------ Data excerpt ------

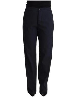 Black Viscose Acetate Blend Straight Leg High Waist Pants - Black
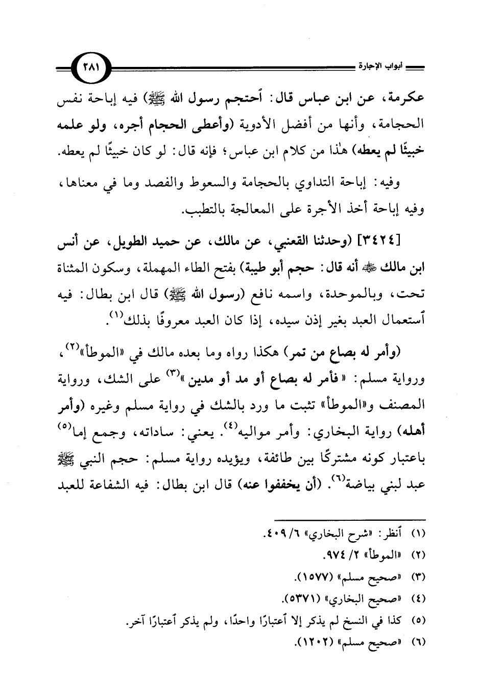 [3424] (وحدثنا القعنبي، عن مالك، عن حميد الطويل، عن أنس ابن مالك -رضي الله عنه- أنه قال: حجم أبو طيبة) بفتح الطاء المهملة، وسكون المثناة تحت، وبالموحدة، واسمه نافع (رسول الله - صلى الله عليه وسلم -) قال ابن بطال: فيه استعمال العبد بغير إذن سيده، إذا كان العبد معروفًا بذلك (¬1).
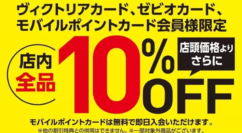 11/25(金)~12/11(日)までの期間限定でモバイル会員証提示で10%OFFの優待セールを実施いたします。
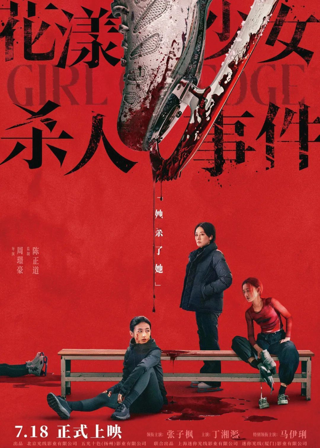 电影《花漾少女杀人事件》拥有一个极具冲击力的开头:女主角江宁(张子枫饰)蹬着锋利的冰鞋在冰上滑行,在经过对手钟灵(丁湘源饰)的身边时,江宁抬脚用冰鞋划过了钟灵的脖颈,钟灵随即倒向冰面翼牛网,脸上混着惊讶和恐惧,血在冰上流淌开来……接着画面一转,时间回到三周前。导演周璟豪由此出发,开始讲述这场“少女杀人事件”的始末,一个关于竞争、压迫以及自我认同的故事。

------

What to do: Could you give the material again exactly as it stands, omitting any image?

Reply:
 Black Viscose Acetate Blend Straight Leg High Waist Pants - Black
 [3424] (وحدثنا القعنبي، عن مالك، عن حميد الطويل، عن أنس ابن مالك -رضي الله عنه- أنه قال: حجم أبو طيبة) بفتح الطاء المهملة، وسكون المثناة تحت، وبالموحدة، واسمه نافع (رسول الله - صلى الله عليه وسلم -) قال ابن بطال: فيه استعمال العبد بغير إذن سيده، إذا كان العبد معروفًا بذلك (¬1).
 11/25(金)~12/11(日)までの期間限定でモバイル会員証提示で10%OFFの優待セールを実施いたします。
 电影《花漾少女杀人事件》拥有一个极具冲击力的开头:女主角江宁(张子枫饰)蹬着锋利的冰鞋在冰上滑行,在经过对手钟灵(丁湘源饰)的身边时,江宁抬脚用冰鞋划过了钟灵的脖颈,钟灵随即倒向冰面翼牛网,脸上混着惊讶和恐惧,血在冰上流淌开来……接着画面一转,时间回到三周前。导演周璟豪由此出发,开始讲述这场“少女杀人事件”的始末,一个关于竞争、压迫以及自我认同的故事。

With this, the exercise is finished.